* **WORKING DATA**
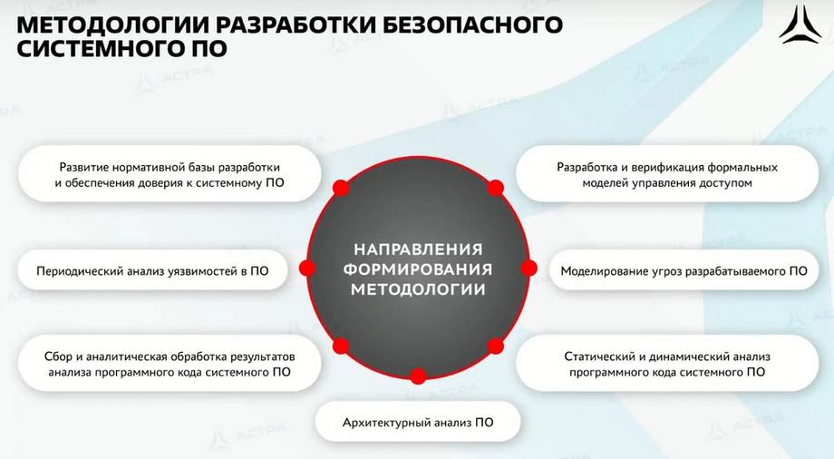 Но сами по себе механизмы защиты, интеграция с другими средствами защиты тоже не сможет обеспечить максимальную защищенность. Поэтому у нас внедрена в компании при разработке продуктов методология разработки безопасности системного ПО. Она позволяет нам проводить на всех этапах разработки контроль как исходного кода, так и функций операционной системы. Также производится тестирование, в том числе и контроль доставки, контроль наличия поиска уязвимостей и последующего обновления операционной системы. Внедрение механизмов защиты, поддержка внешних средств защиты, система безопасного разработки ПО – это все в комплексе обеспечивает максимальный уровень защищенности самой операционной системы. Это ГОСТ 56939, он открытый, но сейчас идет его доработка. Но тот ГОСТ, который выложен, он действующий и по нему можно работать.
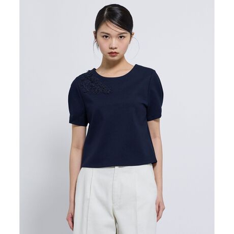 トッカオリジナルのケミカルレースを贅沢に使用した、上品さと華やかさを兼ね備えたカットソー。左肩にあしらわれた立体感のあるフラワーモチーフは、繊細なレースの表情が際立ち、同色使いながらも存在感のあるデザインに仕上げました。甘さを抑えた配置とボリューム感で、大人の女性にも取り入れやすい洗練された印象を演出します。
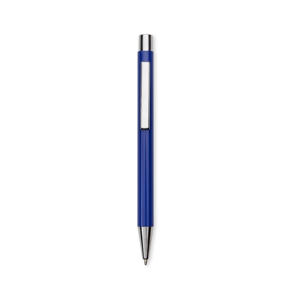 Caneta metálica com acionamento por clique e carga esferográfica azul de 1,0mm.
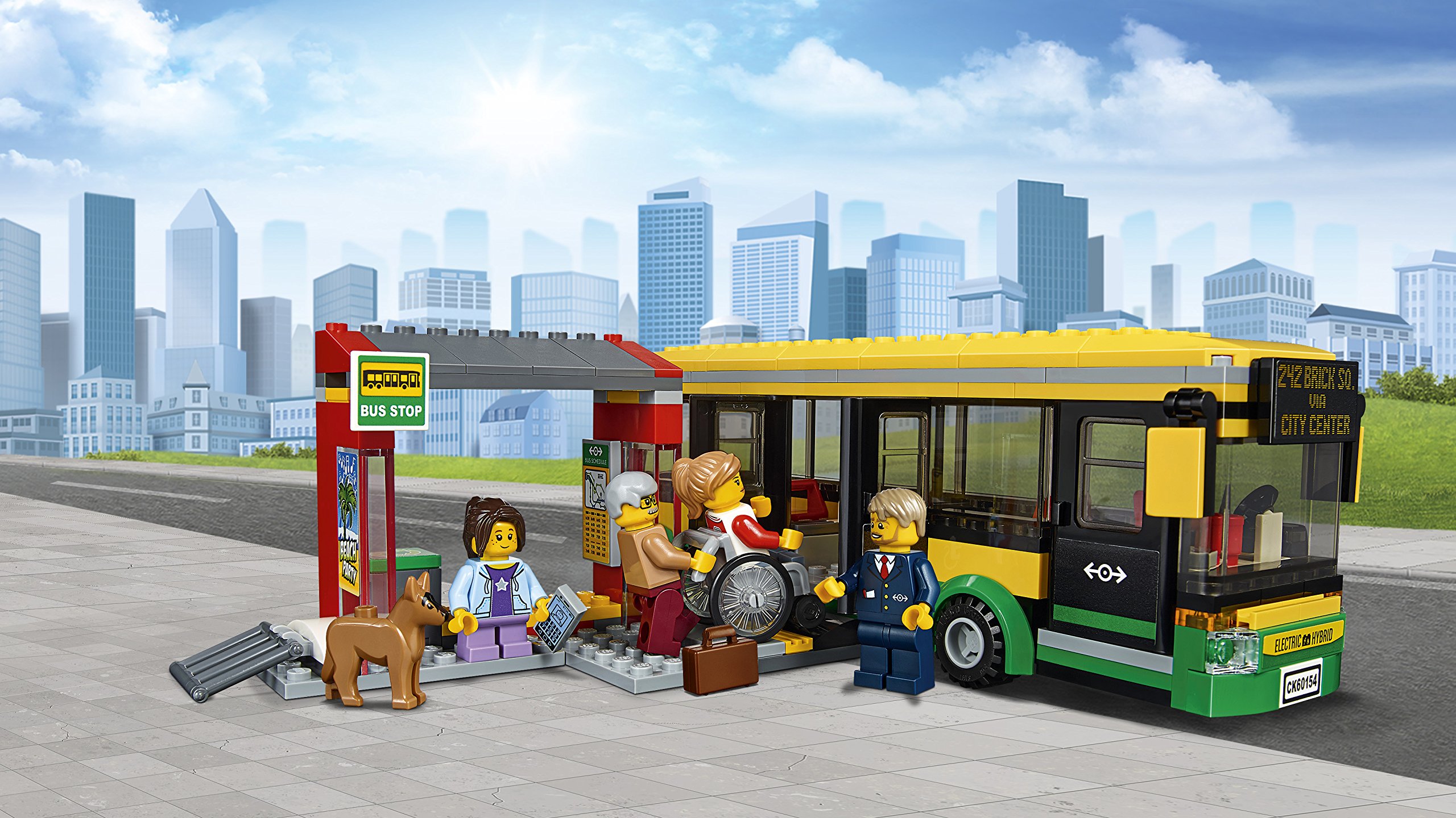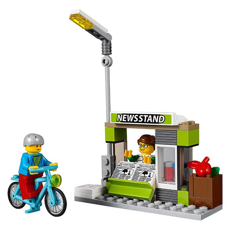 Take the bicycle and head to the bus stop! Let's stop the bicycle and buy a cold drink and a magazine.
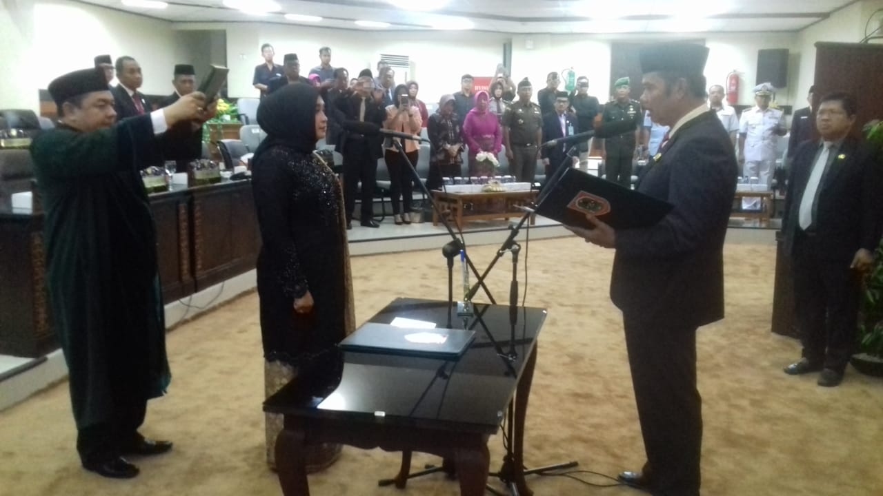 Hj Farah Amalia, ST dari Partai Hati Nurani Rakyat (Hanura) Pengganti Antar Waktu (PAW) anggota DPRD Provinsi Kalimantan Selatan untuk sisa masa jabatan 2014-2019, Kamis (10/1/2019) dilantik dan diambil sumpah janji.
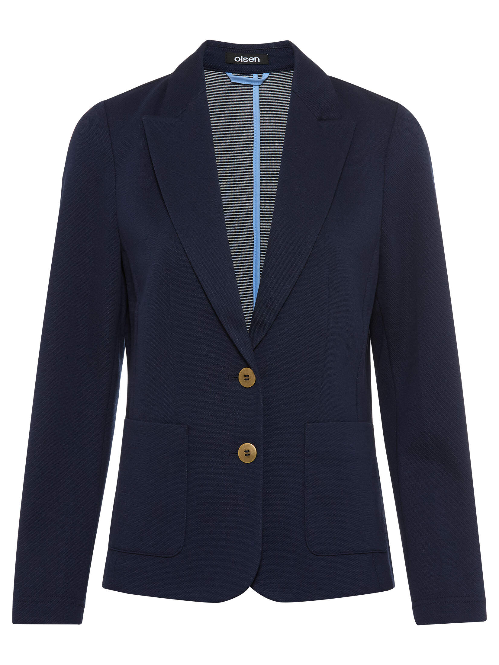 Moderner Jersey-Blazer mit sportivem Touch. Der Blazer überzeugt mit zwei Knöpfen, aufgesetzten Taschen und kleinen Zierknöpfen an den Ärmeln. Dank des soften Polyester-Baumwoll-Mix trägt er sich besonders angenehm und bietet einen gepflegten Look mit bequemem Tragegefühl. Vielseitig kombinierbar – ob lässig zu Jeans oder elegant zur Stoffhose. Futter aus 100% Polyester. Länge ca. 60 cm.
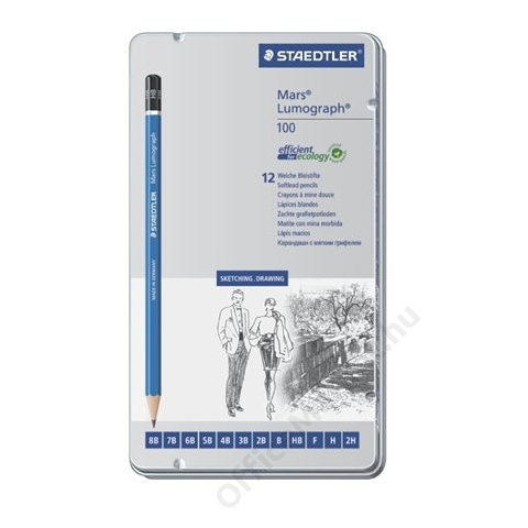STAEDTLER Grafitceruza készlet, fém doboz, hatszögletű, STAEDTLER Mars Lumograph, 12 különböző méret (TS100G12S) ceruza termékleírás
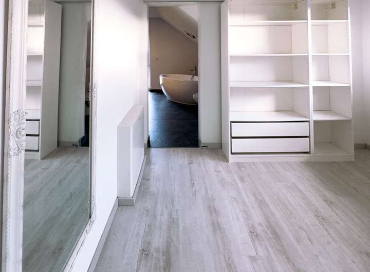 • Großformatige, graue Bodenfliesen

--

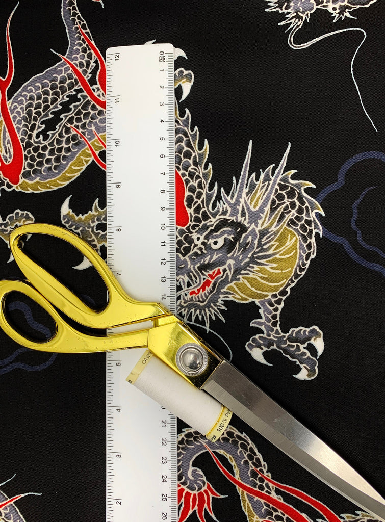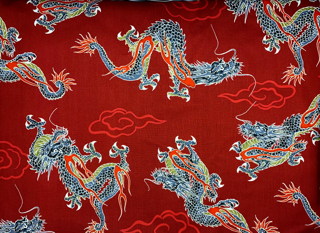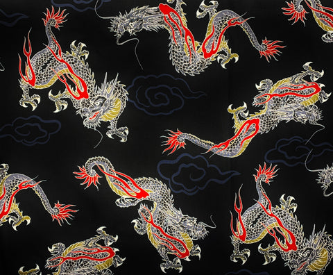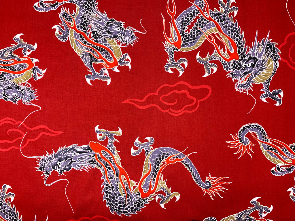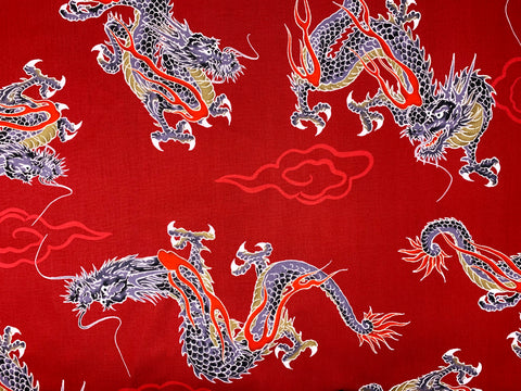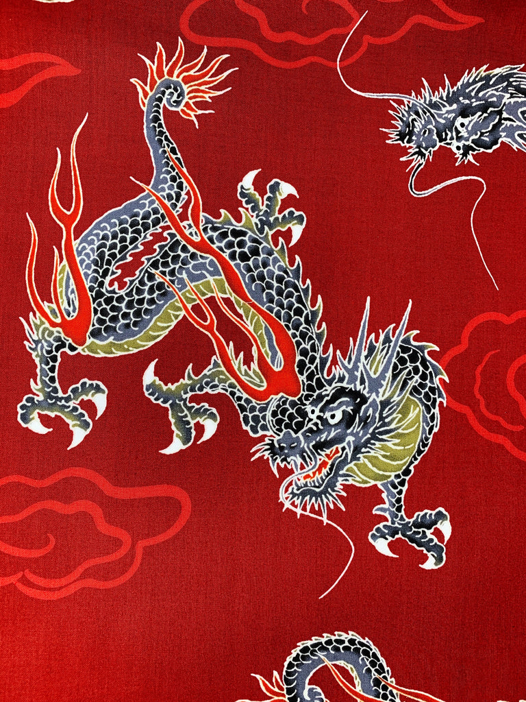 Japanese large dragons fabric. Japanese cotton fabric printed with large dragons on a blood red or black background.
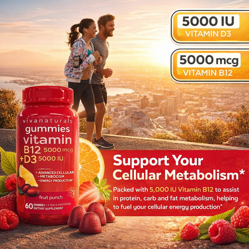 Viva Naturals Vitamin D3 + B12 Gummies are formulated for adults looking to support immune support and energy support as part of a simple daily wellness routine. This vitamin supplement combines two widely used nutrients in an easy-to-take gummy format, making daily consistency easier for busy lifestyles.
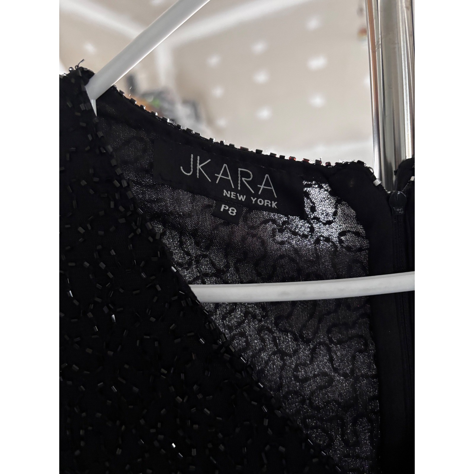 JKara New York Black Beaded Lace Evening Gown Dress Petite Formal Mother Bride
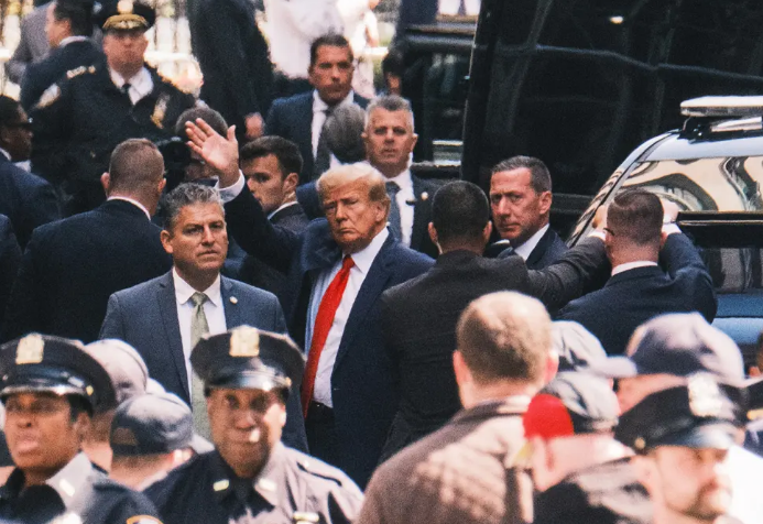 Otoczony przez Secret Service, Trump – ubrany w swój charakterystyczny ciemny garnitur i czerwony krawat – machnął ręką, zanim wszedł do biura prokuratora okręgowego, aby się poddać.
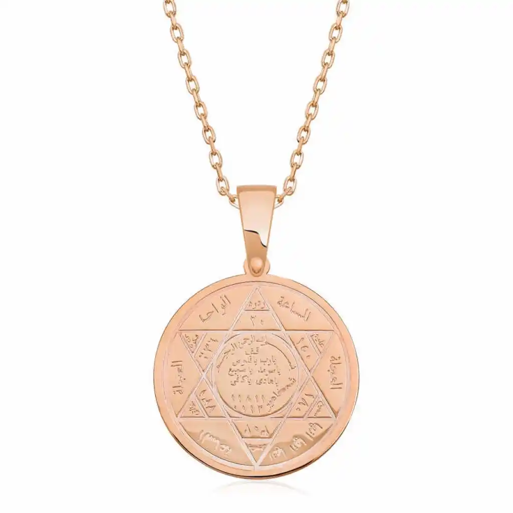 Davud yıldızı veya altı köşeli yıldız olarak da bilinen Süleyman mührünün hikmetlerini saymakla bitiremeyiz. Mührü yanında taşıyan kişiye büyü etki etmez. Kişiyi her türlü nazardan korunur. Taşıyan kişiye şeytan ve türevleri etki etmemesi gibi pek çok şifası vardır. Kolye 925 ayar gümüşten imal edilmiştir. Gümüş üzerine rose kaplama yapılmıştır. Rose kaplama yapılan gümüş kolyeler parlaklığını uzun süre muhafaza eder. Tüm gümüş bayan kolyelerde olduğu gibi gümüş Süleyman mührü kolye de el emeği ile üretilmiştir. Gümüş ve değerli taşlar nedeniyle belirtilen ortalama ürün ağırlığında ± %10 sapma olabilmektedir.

==

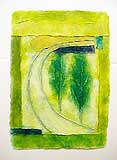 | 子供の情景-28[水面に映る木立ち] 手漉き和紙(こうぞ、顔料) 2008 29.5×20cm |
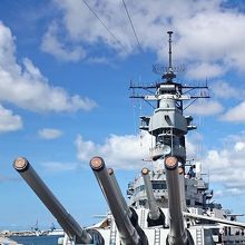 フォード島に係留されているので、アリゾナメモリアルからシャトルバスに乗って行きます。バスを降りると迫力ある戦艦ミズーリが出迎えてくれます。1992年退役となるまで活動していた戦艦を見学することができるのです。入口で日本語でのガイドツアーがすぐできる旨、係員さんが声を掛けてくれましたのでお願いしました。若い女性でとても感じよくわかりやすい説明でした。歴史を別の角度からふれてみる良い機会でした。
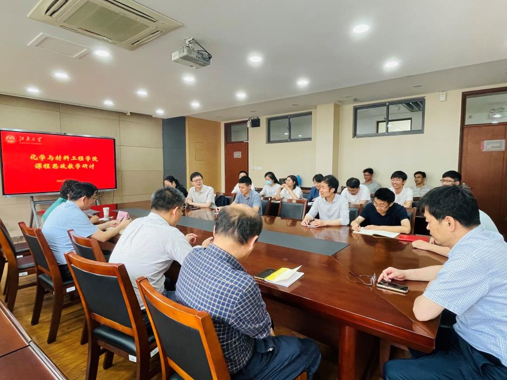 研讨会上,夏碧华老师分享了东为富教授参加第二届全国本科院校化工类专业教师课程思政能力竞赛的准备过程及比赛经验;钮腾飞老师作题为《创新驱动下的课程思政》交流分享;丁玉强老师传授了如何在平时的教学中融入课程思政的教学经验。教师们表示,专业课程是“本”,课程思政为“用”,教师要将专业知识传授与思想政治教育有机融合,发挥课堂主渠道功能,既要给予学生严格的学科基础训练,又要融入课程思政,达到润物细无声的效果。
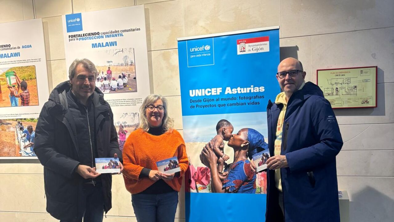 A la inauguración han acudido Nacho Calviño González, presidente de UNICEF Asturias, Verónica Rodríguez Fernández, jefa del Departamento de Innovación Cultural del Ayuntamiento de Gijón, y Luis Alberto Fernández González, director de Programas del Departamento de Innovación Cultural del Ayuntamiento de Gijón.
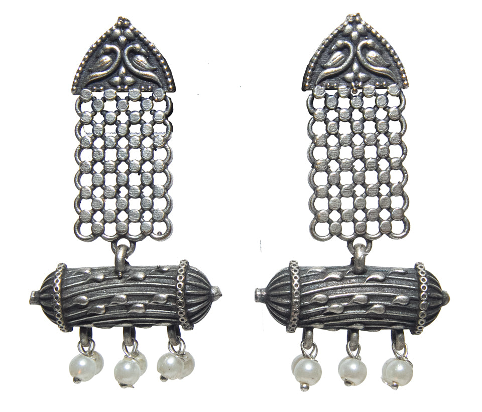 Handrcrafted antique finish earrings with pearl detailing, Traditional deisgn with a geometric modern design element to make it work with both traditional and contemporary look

* **WORK TASK**
Copy the lines above exactly, starting at the one with "Caneta metálica com" and ending at the one with "Hj Farah Amalia, ST", both included. Leave out any pictures and add nothing else.

* **TASK RESPONSE**
 Caneta metálica com acionamento por clique e carga esferográfica azul de 1,0mm.
 Take the bicycle and head to the bus stop! Let's stop the bicycle and buy a cold drink and a magazine.
 Hj Farah Amalia, ST dari Partai Hati Nurani Rakyat (Hanura) Pengganti Antar Waktu (PAW) anggota DPRD Provinsi Kalimantan Selatan untuk sisa masa jabatan 2014-2019, Kamis (10/1/2019) dilantik dan diambil sumpah janji.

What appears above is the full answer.